The World Wide Web as we know it is changing. The browser paradigm is sessionless, it has no concept of continuity. Web browsers limit us to simple one way file transfers, either by browsing or downloading. There is great demand for a true interactive web, some way to allow us to write documents across the web. A real Internet filesystem, one that is designed to span the huge distance of the Internet, must be able to deliver this ability. It must be able to deliver it with high speed and high security. Once in place, a real filesystem on the Internet, means that we will have an infinite hard disk to read and write from. It also means that the Network Computer, that much talked about machine that is simply a terminal accessing data somewhere on the net, can finally be a reality. An Internet filesystem will allow the high speed read and write access to documents anywhere in the net. One other feature of an Internet filesystem unavailable to web browsers is random access to files. A web browser (and FTP) can only read the entire contents of a file from beginning to end. With a filesystem, applications need only load those parts of a file that are required. The time and bandwidth saving implications of this are huge.
Traditionally, network filesystems have been used to achieve these features on local area networks. These network filesystems are inadequate in terms of speed and security when dealing with the Internet at large. To address this, protocols have been developed to allow high speed secure filesystem operations across the Internet. In particular, WebNFS and CIFS allow access to remote filesystems as if they were local.
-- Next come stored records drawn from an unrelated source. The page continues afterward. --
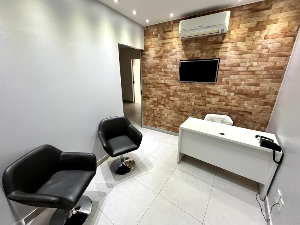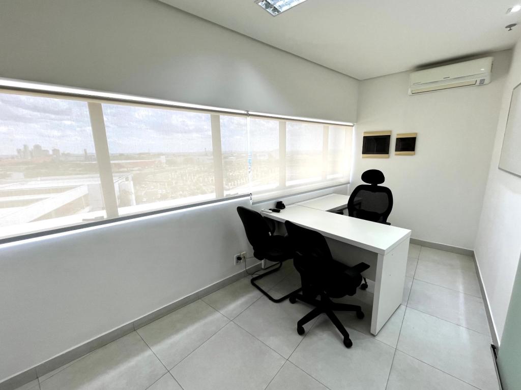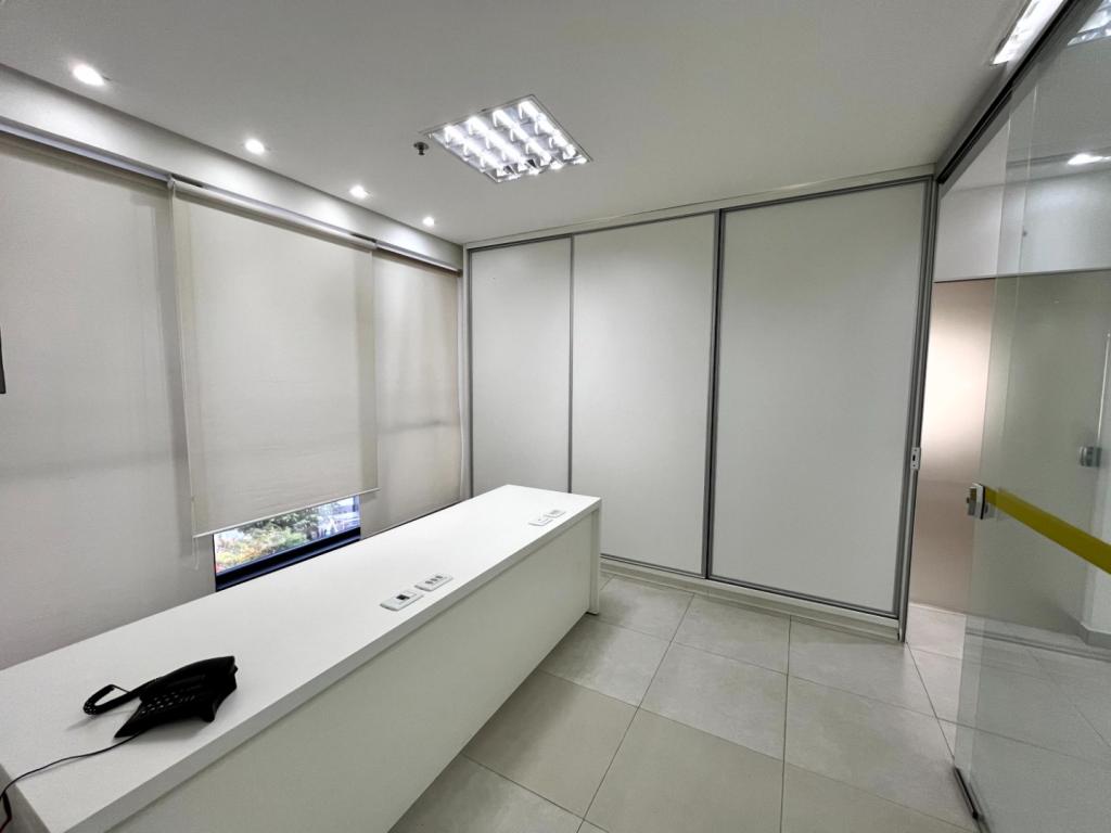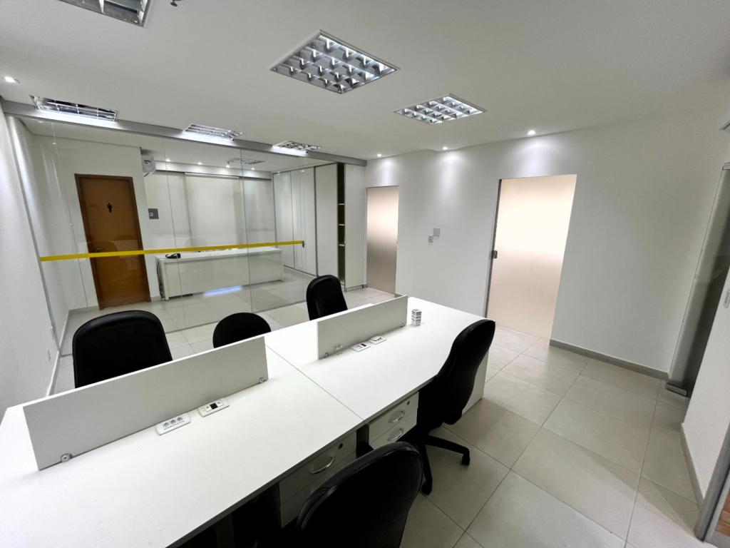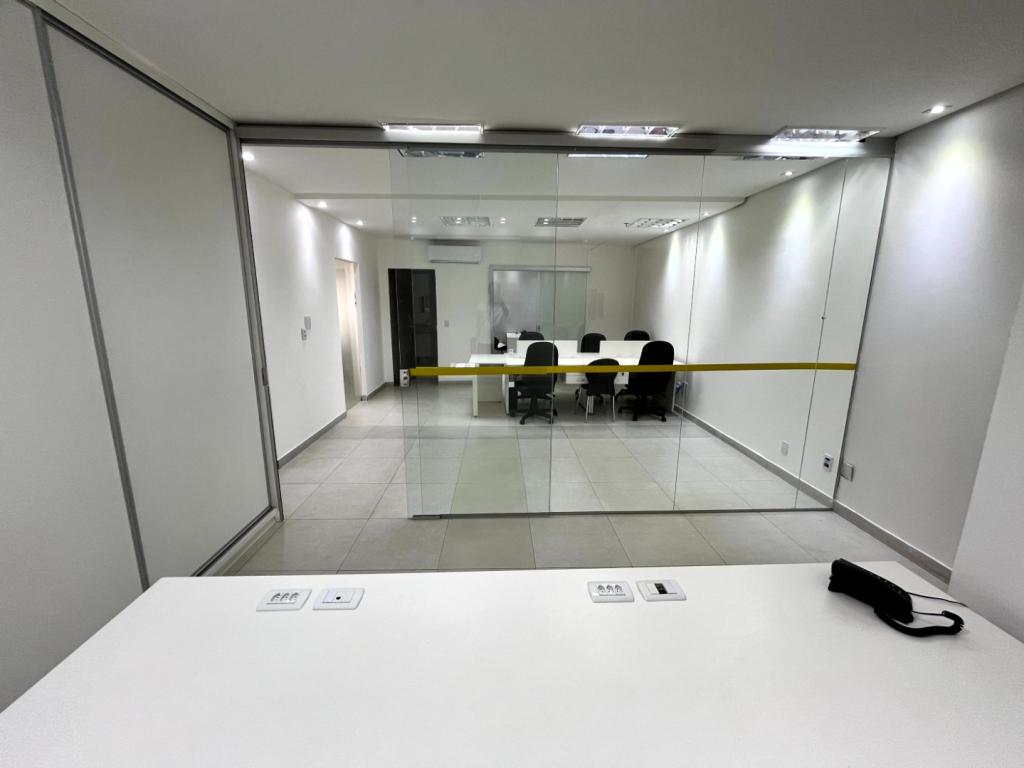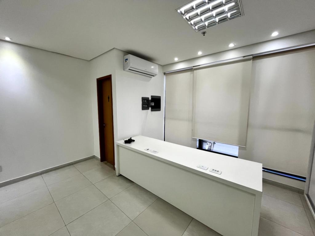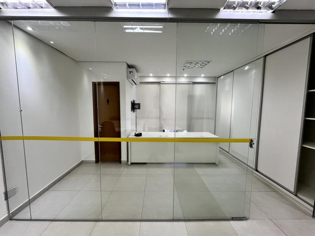 Salas 701/702 unificadas totalizando 81,10m², compostas com recepção, sala ampla, duas salas com vista para o flamboyant, banheiro social, copa e banheiro serviço. Imóvel rico em armários de escritório, divisões no drywall e ar condicionado split sendo 5 no total. Fones (62)3250-5500 WhatsApp (62)98404-9392.
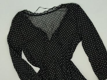 Czarna bluzka z długim rękawem i półprzezroczystymi wstawkami - Materiał lekki, cienki, o miękkim chwycie; na ramionach oraz dekolcie półtransparentna siateczka w grochy. - Dekolt w kształcie lite...
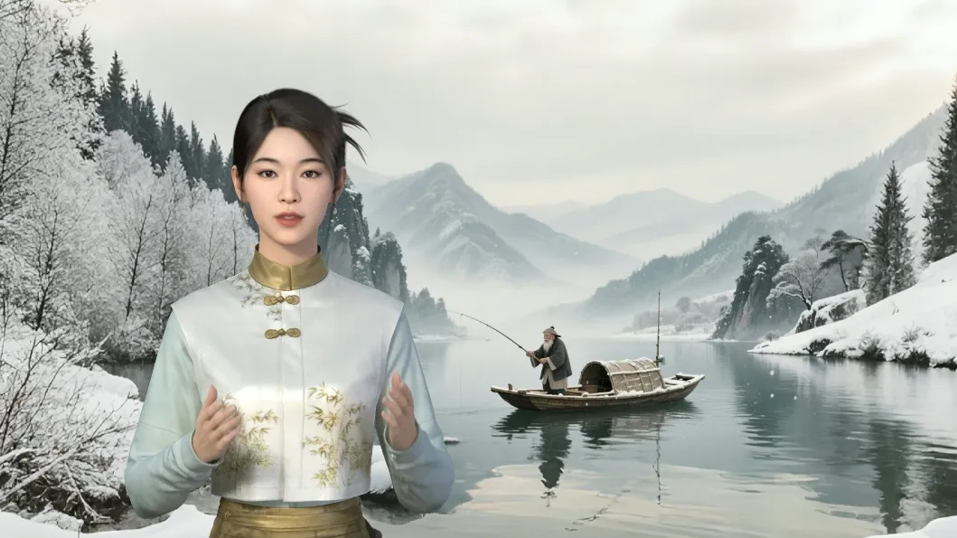 再看 “孤舟蓑笠翁,独钓寒江雪”。意思是江面上有一条小船,船上有个钓鱼的老爷爷,穿着蓑衣、戴着斗笠,一个人在冰冷的江面上钓鱼。冰天雪地里,老爷爷却独自垂钓,他看似孤单,却又十分淡定,享受着这份不被打扰的宁静 。
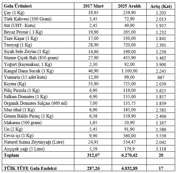 Hazırlanan tabloda çaydan süte, peynirden ete, yağdan bakliyata kadar temel tüketim ürünleri yer aldı. 2017 yılında toplamda 312,07 TL olan gıda sepetinin, 2025 yılı Aralık ayı itibarıyla 6.270,42 TL’ye yükseldiği hesaplandı. Bu da yaklaşık 20 katlık bir artış anlamına geliyor.

There is a huge amount of literature available about NFS and SMB. In this article I do not describe their design or implementation details in any great length. Rather, I scrape the surface of their relative merits and touch on some of their more fundamental concepts.
Before the local area networks came into common use, offices and computer centres would be limited in terms of sharing files and resources. Some sites had a single large computer with many terminals connected directly to it, allowing users to share that single computer's resources and files. Other sites had several non-connected PCs and would be limited to transferring files by floppy disk. Usually, sites had a mixture of both. Obviously this was very inconvenient for users and administrators. In the "single large computer" scenario users were limited by the large computer. If this computer went down, had to be upgraded, etc. no work could be done by users. The PC scenario was a nightmare to administrate - system administrators had their hands full ensuring data and application consistency and integrity. As well, users were inconvenienced having to, say, copy files to a floppy so that they could take their document to the only PC connected to a printer to get a hard copy. Obviously some method of sharing not only data but entire filesystems, and the associated resources, had to be implemented.
Many resource sharing solutions have been implemented however two main solutions have taken root and stuck. These two solutions are SMB (Microsoft's Server Message Block protocol) and NFS (Sun Microsystems' Network File System).
The Network File System (NFS) protocol is a mechanism allowing clients to transparently access files and filesystems on remote servers. It is independent of architecture, operating system, network and transport protocols. NFS was released to the world at large in 1985. This release was NFS version 2. NFS is shipped with almost every UNIX system and implementations exist for nearly every computing platform in use from desktop computers to supercomputers. Since its release, NFS has become a de facto standard and it is estimated to be used by over ten million systems. The latest version of NFS is version 3, released in 1994.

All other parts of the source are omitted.